Generalized Wilson-Fisher critical points from the conformal OPE

TL;DR

The paper develops a method to analyze smooth deformations of Generalized Free CFTs by exploiting the singularity structure of conformal blocks arising from null states, enabling the computation of leading anomalous dimensions in an $\\epsilon$-expansion without employing equations of motion. It applies this framework to generalized multicritical ($\\phi^{2n}$) points and $O(N)$ models across dimensions, deriving explicit expressions for leading ($\\gamma^{(1)}$) and next-to-leading ($\\gamma^{(2)}$) anomalous dimensions and recovering known Wilson-Fisher results in canonical cases.

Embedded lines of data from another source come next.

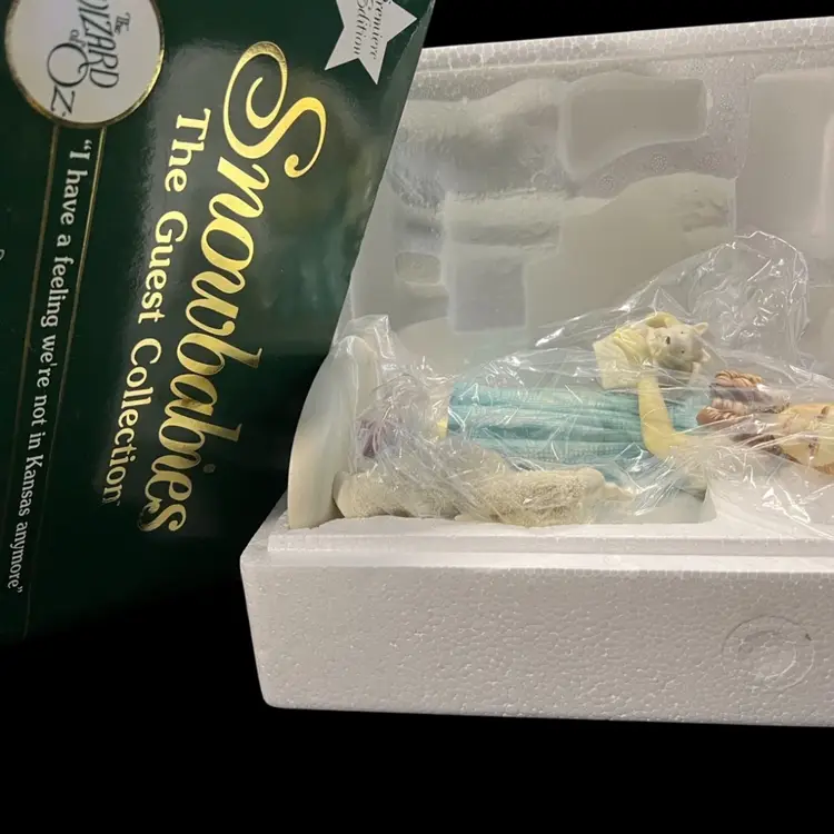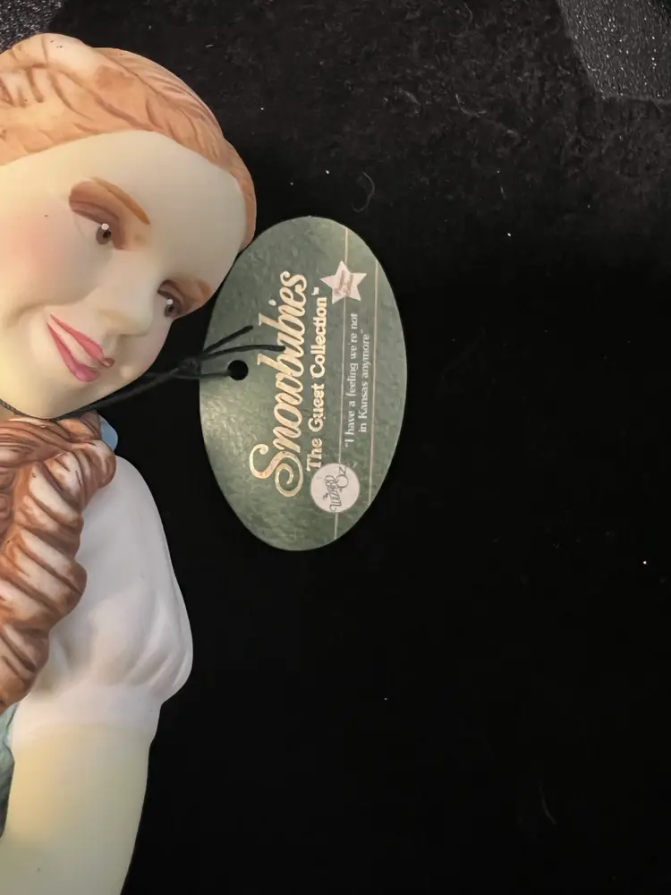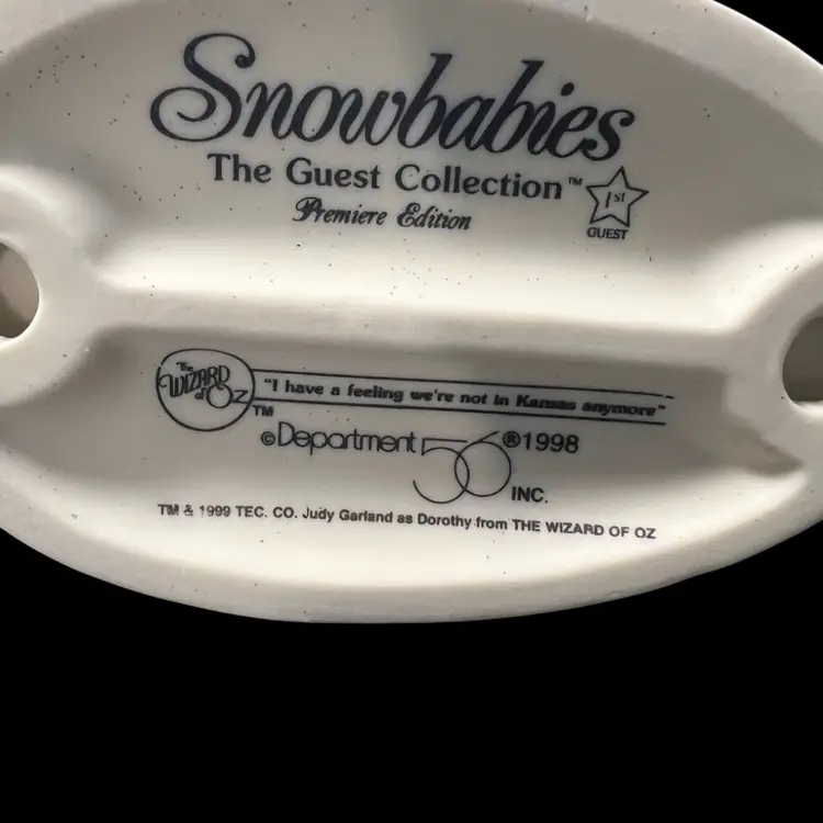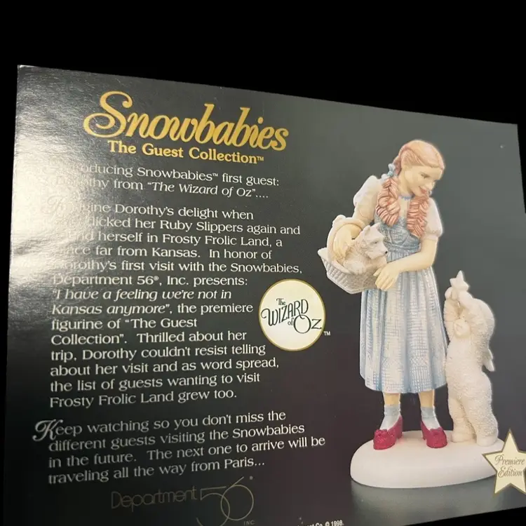 This particular figurine represents Dorothy Gale from the classic film "The Wizard of Oz," a significant cultural icon. Introduced as the "first guest" in the collection, it marks the beginning of a series that likely aimed to blend the magic of Oz with the gentle charm of Snowbabies. The inclusion of Toto and a companion Snowbaby adds to the narrative and appeal of the piece, making it a desirable item for fans of both franchises.
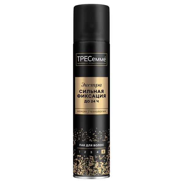 ТРЕСеммé лак для волос экстрасильная фиксация 250 млTRESemmé Hold Collection — лак для волос, вдохновленный профессиональными средствами. Лак с легкой сухой текстурой и мощным действием обеспечивает сверхсильную фиксацию до 24 часов. Создавайте неповторимые образы вместе с лаком для волос от TRESemmé: Уникальная MEMORY-технология запоминает форму прически на весь день. Стайлинг для волос надежно фиксирует прическу в два пшика и закрепляет любую укладку — будь то локоны, объем или гладкие волосы. Средство для укладки волос женское сохраняет подвижность и упругость прически. Лак для волос сильной фиксации легко распыляется и равномерно распределяется по всей длине. Результат — послушные и аккуратные волосы, которые весь день держат желаемую форму. Главное условие успешной укладки — качество волос, поэтому используйте лак в комплексе с другими уходовыми средствами TRESemmé: шампунем для мягкого очищения, кондиционером для интенсивного питания и термозащитой. TRESemmé — выбор миллионов женщин по всему миру. Профессионалы знают: каждая укладка зависит от качества волос. Поэтому в 1948 году в салонах красоты Нью-Йорка был создан TRESemmé — профессиональная основа для создания любого образа.
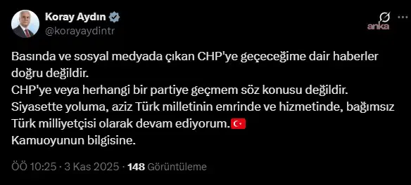 Bağımsız Ankara Milletvekili Koray Aydın, sosyal medya hesabından CHP’ye geçeceği yönündeki iddialara yanıt verdi.
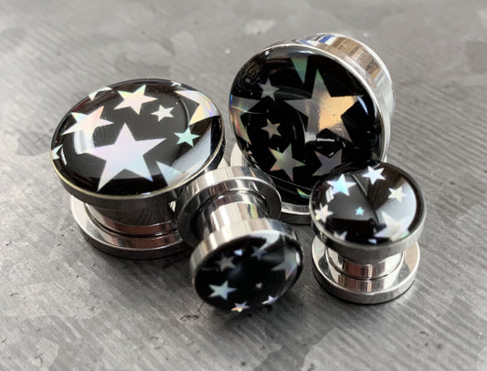 PAIR of Beautiful Hologram Star Screw Fit Surgical Steel Tunnels/Plugs - Gauges 2g (6mm) thru 5/8" (16mm)
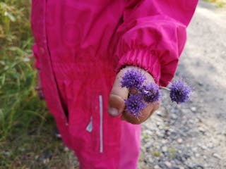 Woods fikk bli med en ivrig gjeng ut på tur til en liten klatrepark i skogen ikke langt fra barnehagen. Her balanserte barna på planker, spiste blåbær, så ekorn og plukket blomster. For små barn er det kanskje ikke så lett å si hva det er som gjør at de har det bra, men det er lett å se at de koser seg på tur i skogen.
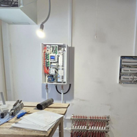 15 кВт, вся электропроводка разведена по точкам, есть кабельный журнал. Разводка в ПВХ гофре по потолку.
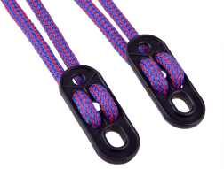 Frânghiile se termină cu agățători din plastic, care permit montarea sau demontarea rapidă a leagănului de pe cârlige.
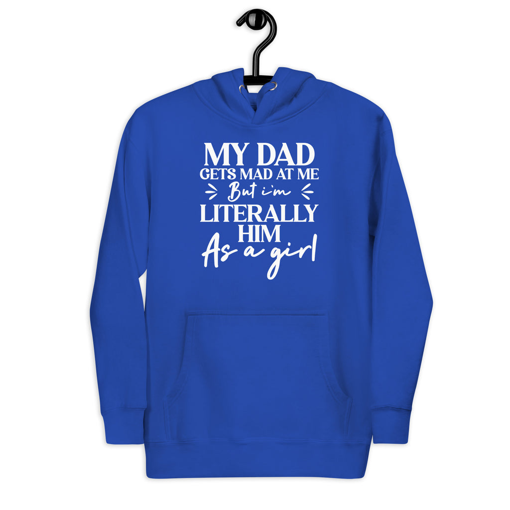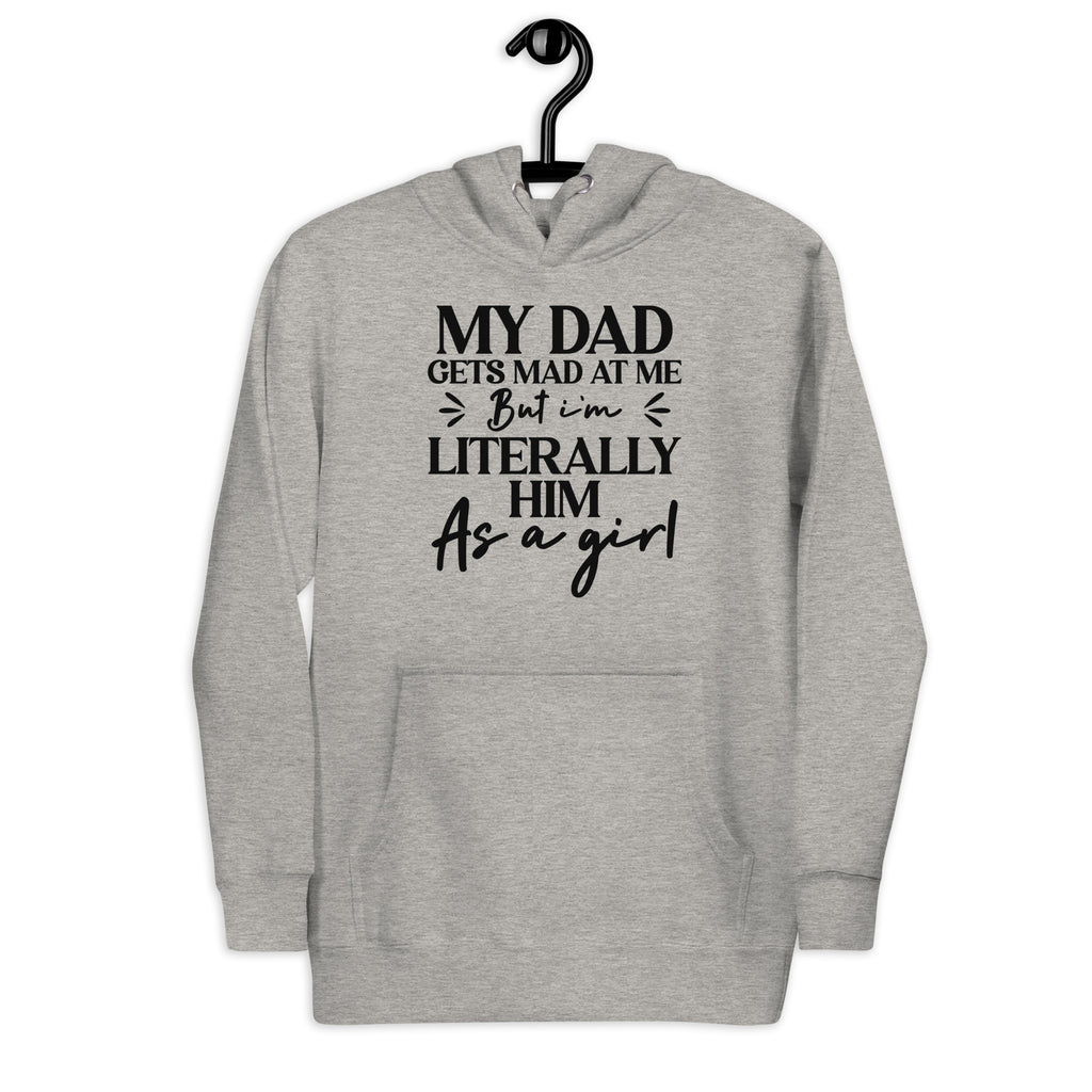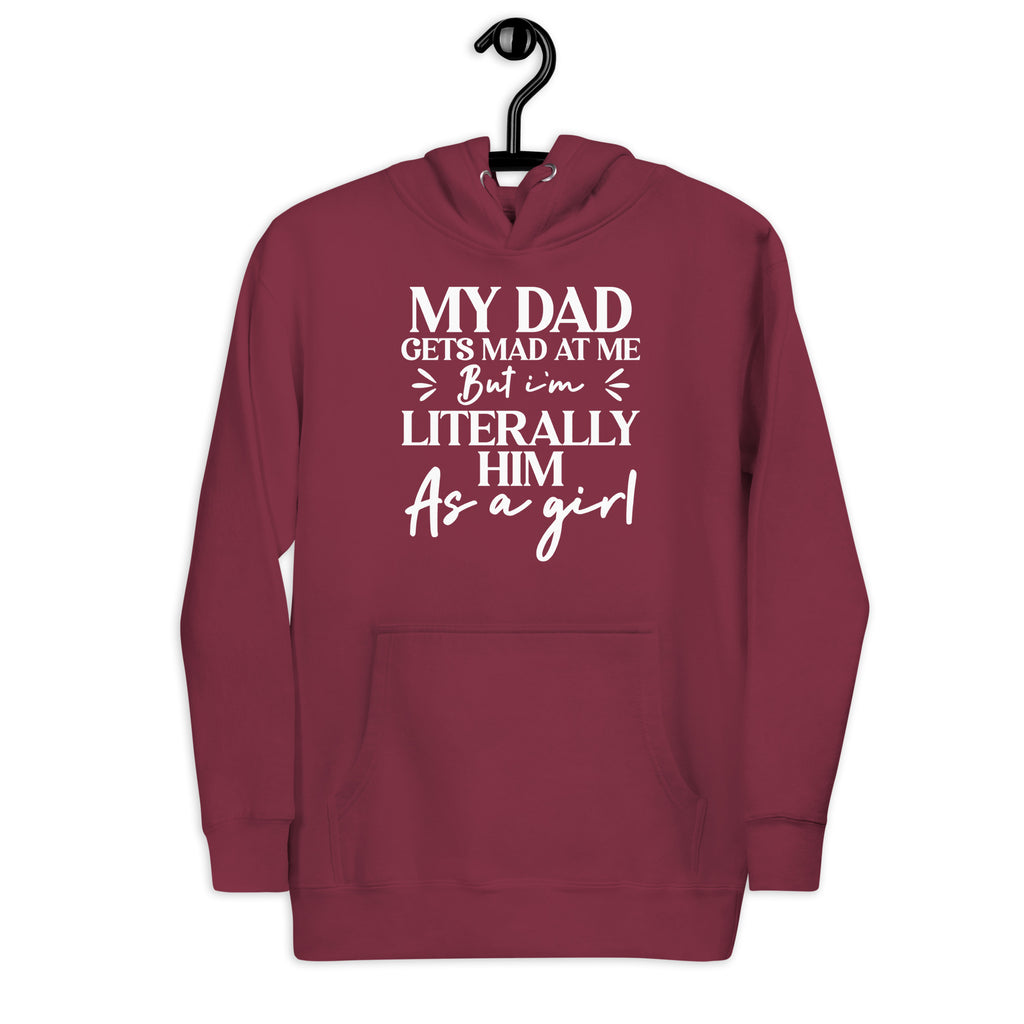 Celebrate family resemblance with a twist in the “My Dad Gets Mad at Me But I’m Literally Him as a Girl” hoodie. Perfect for daughters who know they’ve inherited more than just looks, this hoodie hilariously captures the clash (and bond) that comes with being just like dad.
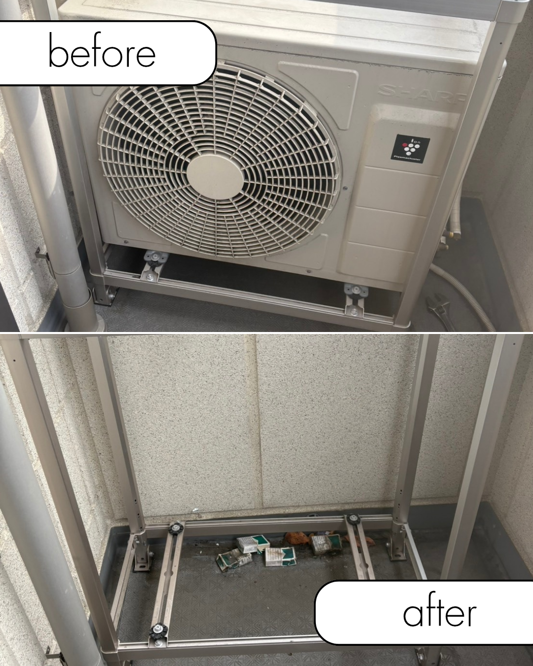 ベランダ置きや地面置きなど、標準的な設置状況であれば、取り外し工賃から回収費用まで0円で対応可能です。
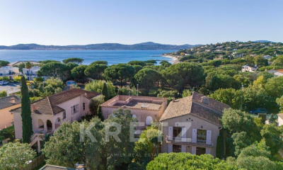 * Co-Exclusivité * Située dans le secteur recherché de La Nartelle, cette villa récemment rénovée bénéficie d’une exposition plein sud offrant une vue imprenable sur la mer et le Golfe de Saint-Tropez. Cette propriété se compose d’une villa principale de 300 m² ainsi que d’un appartement indépendant de 45 m². L’ensemble présente de beaux volumes grâce à une architecture soignée et une décoration intérieure qui marie avec élégance le design contemporain au charme provençal, créant une ambiance à la fois moderne et accueillante. Elle offre des prestations de qualité, comprenant un vaste séjour avec cheminée, cinq chambres avec leurs salles de bains privatives, un bureau, une buanderie et un cellier. L’appartement indépendant comprend quant à lui deux pièces et une salle de bains. À l’extérieur, un jardin paysager de 3 000 m² abrite une piscine chauffée ainsi qu’une cuisine d’été équipée d’un espace barbecue au feu de bois. Un garage et plusieurs places de stationnement complètent ce bien d’exception. CLASSE ÉNERGIE: C - CLASSE CLIMAT: A/ Montant estimé des dépenses annuelles d'énergie pour un usage standard : 564€ - 764€ - 2021 année de référence DPE nouvelle version
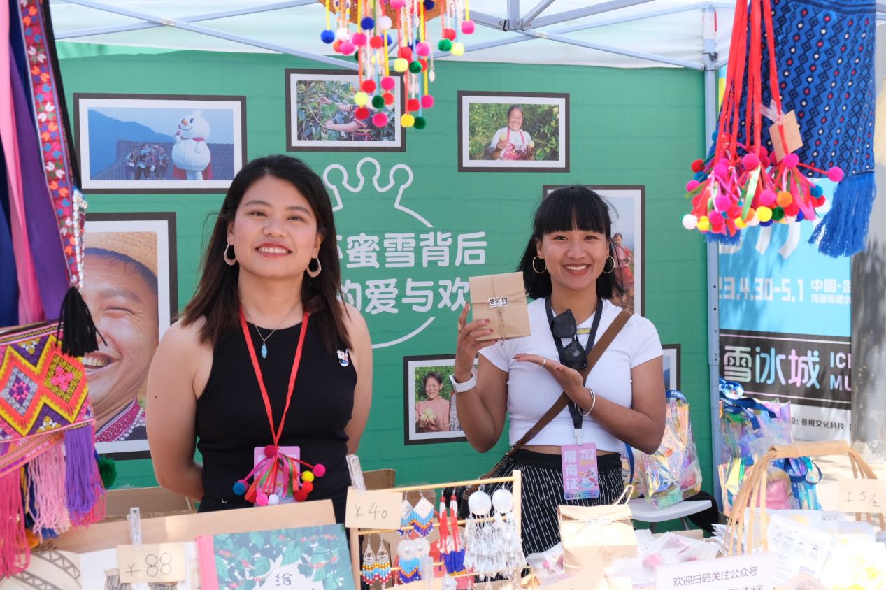 游客正在驻足了解来自四川、云南的冻干玫瑰、咖啡等文创产品。
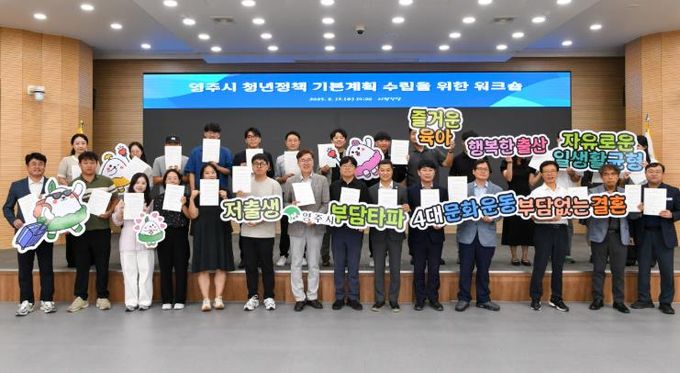 워크숍에는 영주시장 권한대행을 비롯해 시의원, 청년정책위원회 및 협의체 위원, 지역 대학 관계자 등 30여 명이 참석해 ‘저출생 부담 타파 4대 문화운동’ 서약서에 서명하며 실천 의지를 다졌다.
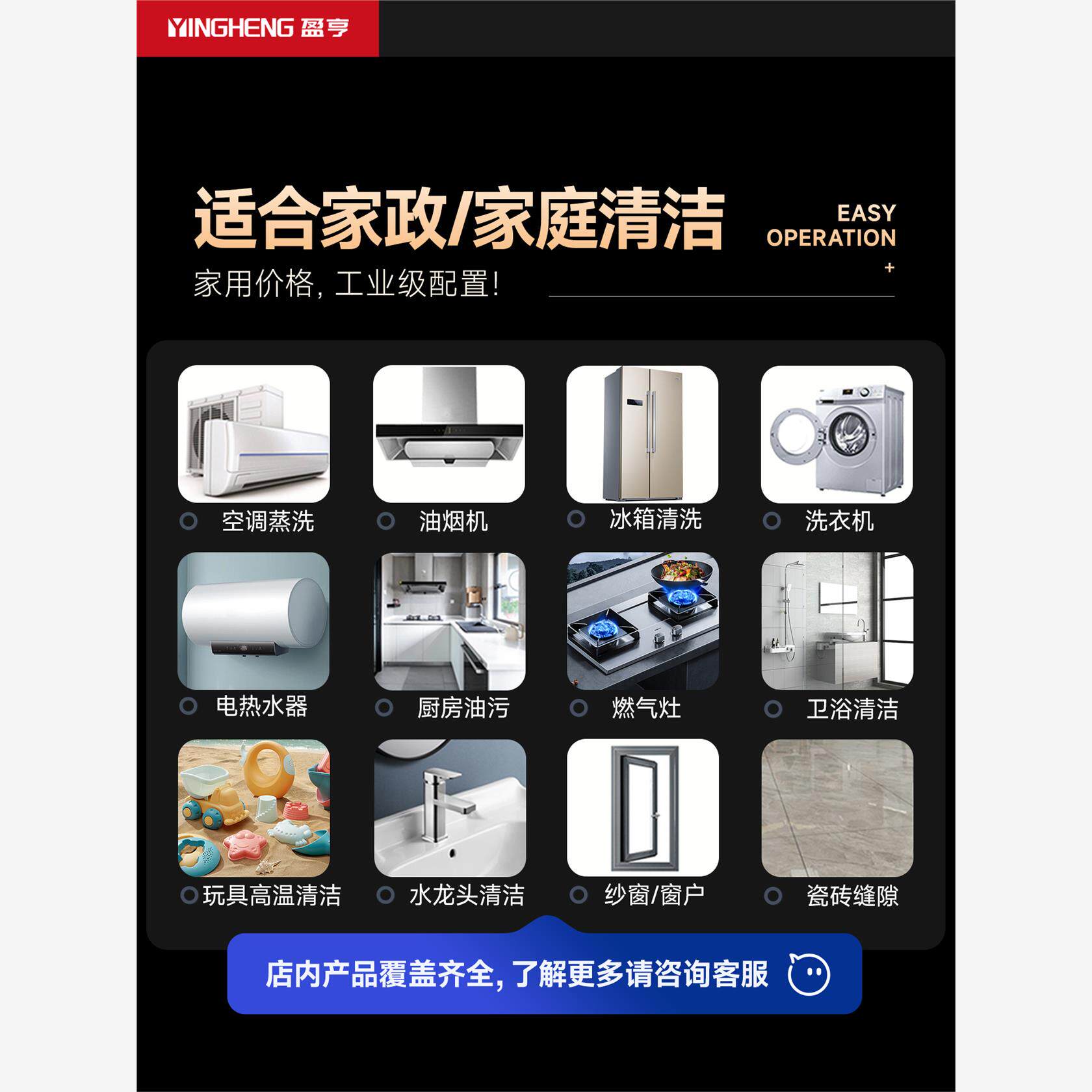 盈亨 家用蒸汽清洁机 高温高压专业清洗家电空调油烟机热水器设备

The approach offers a unified perturbative scheme that does not depend on crossing symmetry or unitarity and can potentially address non-unitary critical systems, with results aligning with established methods where overlap exists. The work points to broader applicability, including odd deformations and spinning operators, and is complemented by a longer detailed version anticipated elsewhere.

Abstract

We study possible smooth deformations of Generalized Free Conformal Field Theories in arbitrary dimensions by exploiting the singularity structure of the conformal blocks dictated by the null states. We derive in this way, at the first non trivial order in the $ε$-expansion, the anomalous dimensions of an infinite class of scalar local operators, without using the equations of motion. In the cases where other computational methods apply, the results agree.